Pace ‘too slow’ for Trip To Paris
As the tempo finally increased turning in, the quartet were still at the head of affairs with Trip To Paris looking the biggest threat before getting swamped close home by Prince Of Penzance, Max Dynamite and Criterion in third.
Tommy Berry, who also rode Trip To Paris to finish second in the Caulfield Cup, said: “The pace was just too slow in the middle stages. He didn’t show the same turn of foot over the 3,200 metres but he went super and was unbelievable for the connections who couldn’t have dreamed of having a runner. Just an end-to-end gallop would have suited.”
Quest For More stuck on for ninth to the delight of trainer Roger Charlton, who said: “He ran incredibly well but his form was all there with Big Orange.

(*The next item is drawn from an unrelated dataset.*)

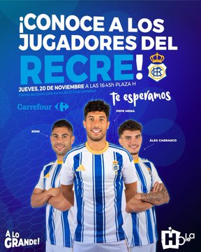 El Recreativo de Huelva protagonizará este jueves una acción promocional en la que tres jugadores del primer equipo —Pepe Mena, Roni y Álex Carrasco— se darán un baño de masas con los aficionados. El evento tendrá lugar el 20 de noviembre a las 16:25 horas en la Plaza H de Carrefour, en un acto reservado exclusivamente para los socios de El Club Carrefour.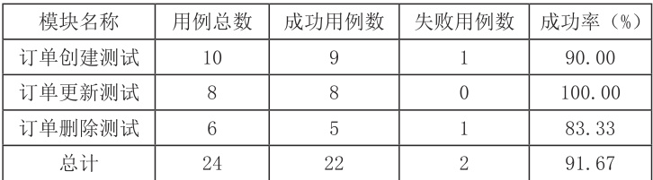 从表 1 的单元测试数据来看,订单创建与订单删除模块各有 1 个用例未通过,其成功率分别是 90% 和83.33%。而订单更新模块的所有用例均顺利通过,成功率达到 100%。整体而言,24 个测试用例中共有 22 个成功执行,平均成功率为91.67%。这反映出系统大部分功能模块能够按预期运行。不过,针对未通过的少量用例,后续还需深入分析原因并加以修复,以增强系统的稳定性与可靠性。

We just got a bit short of space but he ran very well and wasn’t beaten far. The only place was to be handy and those at the back had no chance.”
The Sir Michael Stoute-trained Snow Sky travelled well into contention before suffering interference at a crucial time.
Teddy Grimthorpe, racing manager to Snow Sky’s owner Khalid Abdullah, said: “Ryan got him into a super position but one horse just came across him in the straight and ruined his chance of being in the money. He wasn’t going well enough to win but up to that stage was running a hell of a race.”
Jamie Spencer’s ride on fifth-placed Big Orange also caught the attention of the Flemington stewards and the jockey was banned for 14 meetings.